- The Miami Orange Bowl in Miami, Florida, hosted the Orange Bowl.
- Date: January 1, 1973
- Season: 1972
- Stadium: Orange Bowl
- Location: Miami, Florida
- MVP: Johnny Rodgers (Nebraska HB)
- Favorite: Nebraska by 14 points
- Referee: Vance Carlson (Big Eight; split crew: Big Eight, Big Ten)
- Attendance: 80,010

United States TV coverage
- Network: NBC
- Announcers: Jim Simpson and Kyle Rote
- Nielsen ratings: 24.5

= 1973 Orange Bowl =

American college football game

The 1973 Orange Bowl was the 39th edition of the college football bowl game, played at the Orange Bowl in Miami, Florida, on Monday, January 1. The final game of the 1972–73 bowl season, it matched the ninth-ranked Nebraska Cornhuskers of the Big Eight Conference and the independent #12 Notre Dame Fighting Irish, led by their respective hall of fame coaches, Bob Devaney and Ara Parseghian.

Two-time defending national champion Nebraska scored early and won 40–6; Notre Dame was held scoreless until the fourth quarter to avoid a shutout.

==Teams==

===Notre Dame===

Notre Dame opened with four wins, but lost by four points to Missouri at home.
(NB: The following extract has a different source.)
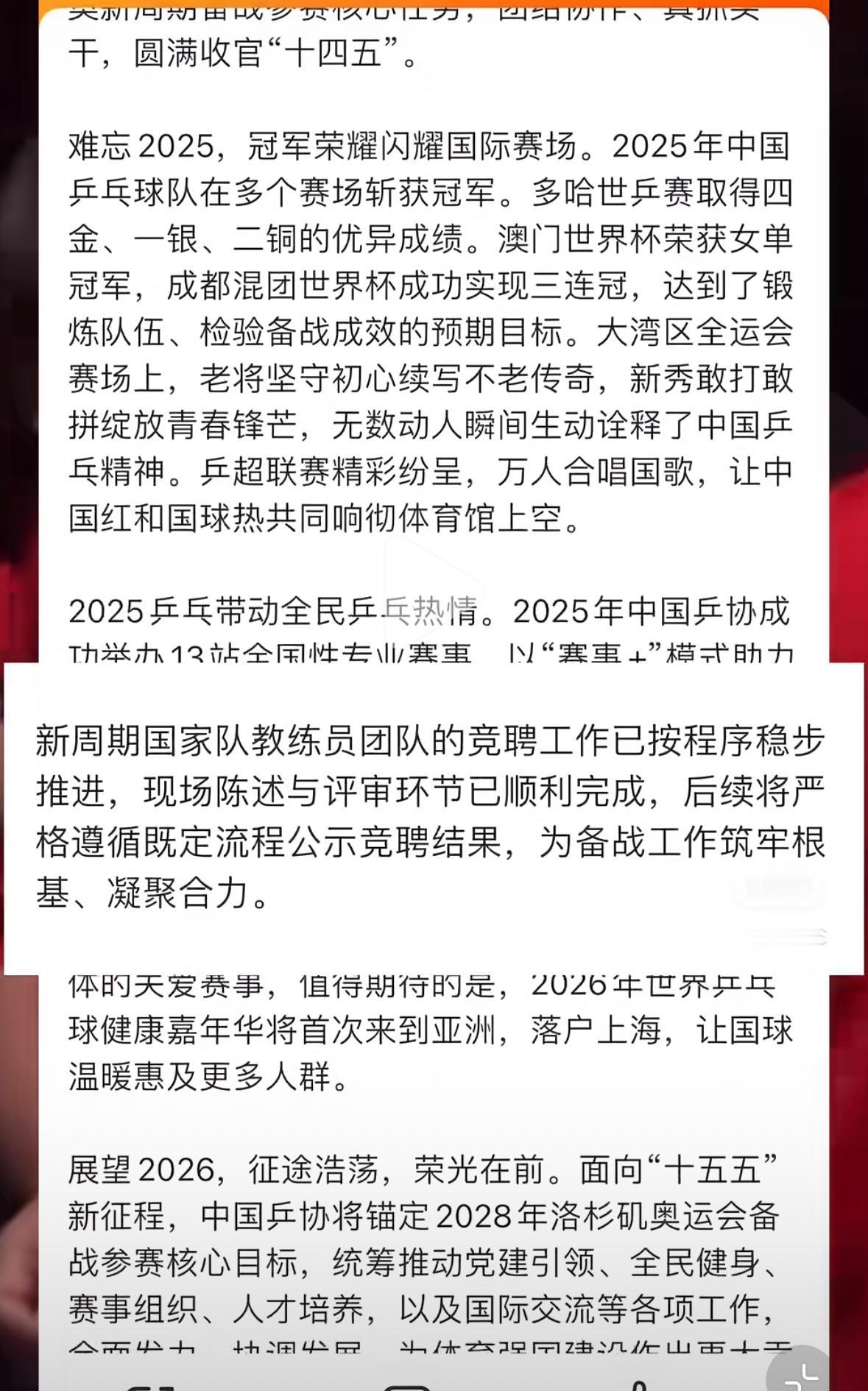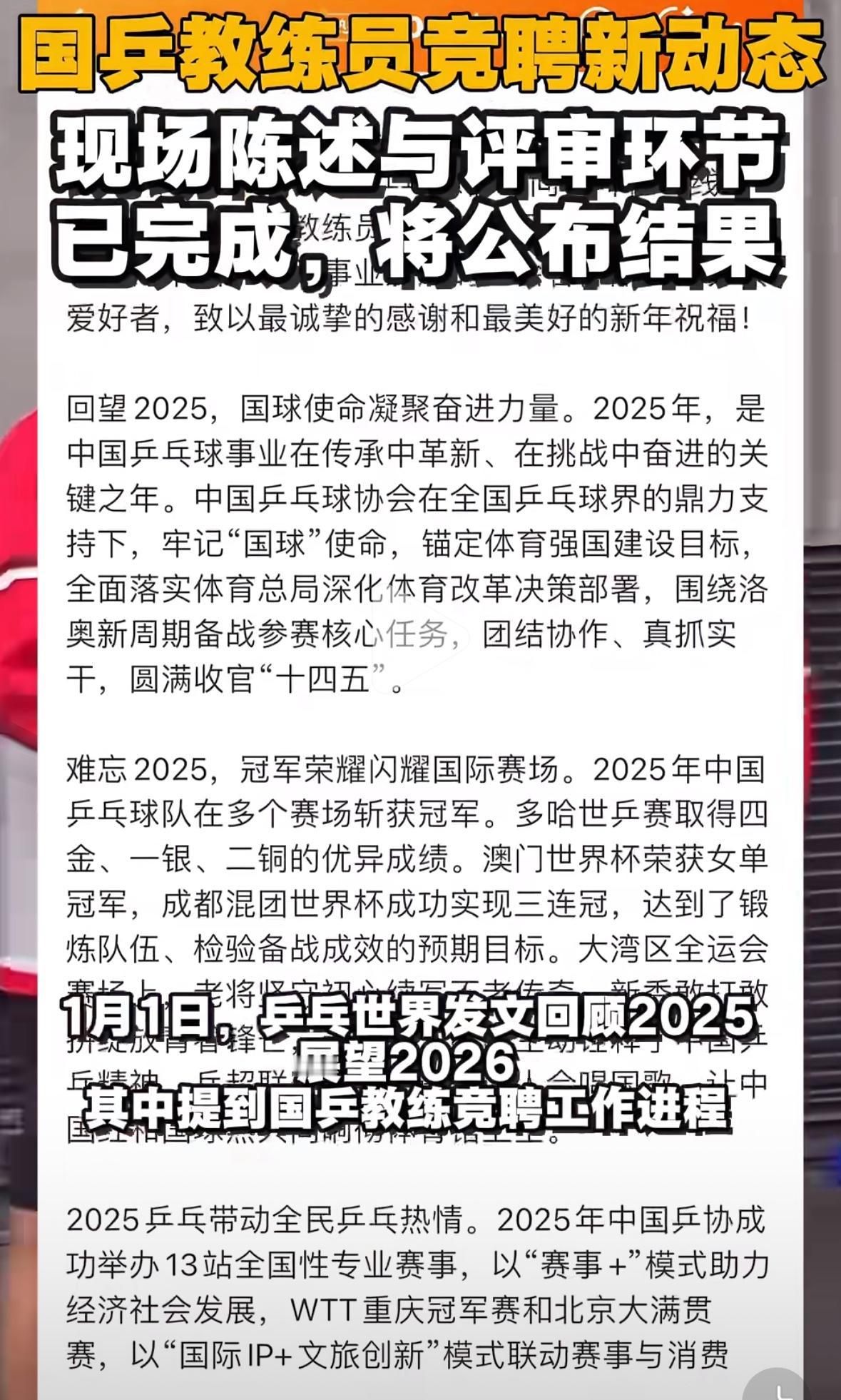 1月1日乒乓世界发文分享国乒教练竞聘新动态:现场陈述与评审环节已经结束,后续将进行公示环节! 乒乓世界回顾2025, 展望2026, 难忘2025,冠军荣耀闪耀国际赛场,展望2026,征途浩荡, 荣光在前,面向”十五五” 新征程,中国乒协将锚定2028 洛杉矶奥运会,备战参赛核心目标, 统筹推动党建引领, 全民健身,以及国际交流, 为体育强国作出贡献! 预测一下吧, 秦总,肖副总, 王继续男队总教练, 马继续女队总教练! 孙逊带王楚钦, 邱贻可继续带莎莎, 任皓带曼昱, 志强带梁靖崑和林诗栋! 教练分配还需要磨合, 26年是磨合期, 不出成绩还可以调配, 一两次比赛看不出什么, 主要是2027年的冲刺年, 大家放平心态, 坚决支持和相信国家乒乓球队……

In the regular season finale, the Irish lost 45–23 at rival USC, the eventual national champion. It was Notre Dame's first appearance in the Orange Bowl.

===Nebraska===

The two-time defending national champion Cornhuskers started the season top-ranked, but were upset by a late field goal in the opener, late at night at UCLA. They later tied Iowa State on the road and lost 17–14 to rival Oklahoma at home, their first loss on artificial turf. Nebraska was appearing in their third consecutive Orange Bowl.

==Game summary==
Ninth-ranked Nebraska was favored by two touchdowns. The programs had last matched up over 24 years earlier, in October 1948.

Heisman Trophy winner Johnny Rodgers scored on an 8-yard touchdown run as Nebraska took the lead. In the second quarter, Gary Dixon scored from a yard out to increase the score to 14–0. I-back Rodgers then found split end Frosty Anderson for a 52-yard touchdown pass and the Huskers led 20–0 at halftime.

In the third quarter, Rodgers scored on runs of four and five yards as Nebraska built a 33–0 lead. Quarterback Dave Humm threw a 50-yard touchdown pass to Rodgers as Nebraska led 40–0 after three quarters. Notre Dame finally managed six points on a touchdown from Tom Clements to Pete Demmerle against the Husker reserves to avoid a shutout.

===Scoring===
- First quarter
- Nebraska – Johnny Rodgers 8-yard run (Rich Sanger kick), 11:19
- Second quarter
- Nebraska – Gary Dixon 1-yard run (Sanger kick), 14:29
- Nebraska – Frosty Anderson 52-yard pass from Rodgers (kick blocked), 12:20
- Third quarter
- Nebraska – Rodgers 4-yard run (pass failed), 11:17
- Nebraska – Rodgers 5-yard run (Sanger kick), 7:33
- Nebraska – Rodgers 50-yard pass from David Humm (Sanger kick), 6:00
- Fourth quarter
- Notre Dame – Peter Demmerle 5-yard pass from Tom Clements (pass failed), 13:51
Source:

==Statistics==

| Statistics | Notre Dame | Nebraska |
|---|---|---|
| First downs | 13 | 30 |
| Rushes–yards | 44–124 | 64–300 |
| Passing yards | 103 | 260 |
| Passes (C–A–I) | 9–23–3 | 19–26–1 |
| Total offense | 67–227 | 90–560 |
| Punts–average | 6–37.2 | 4–38.3 |
| Fumbles–lost | 3–0 | 1–1 |
| Turnovers | 3 | 2 |
| Penalties–yards | 1–15 | 5–68 |

Source:

==Aftermath==
Although 1972 was a letdown season after two consecutive national championships, the Huskers were the first to three-peat in the Orange Bowl and vaulted to fourth in the final AP poll at 9–2–1. Rodgers scored four touchdowns and threw for another in his final collegiate game, and sat out the final twenty minutes. The final UPI coaches poll was released in early December, prior to the bowls, and had the Huskers ninth.

The 1972 season also was the only three-loss season in Parseghian's eleven years at Notre Dame and they fell to fourteenth in the final AP poll; the Irish rebounded in 1973 to finish 11–0 and win the national championship.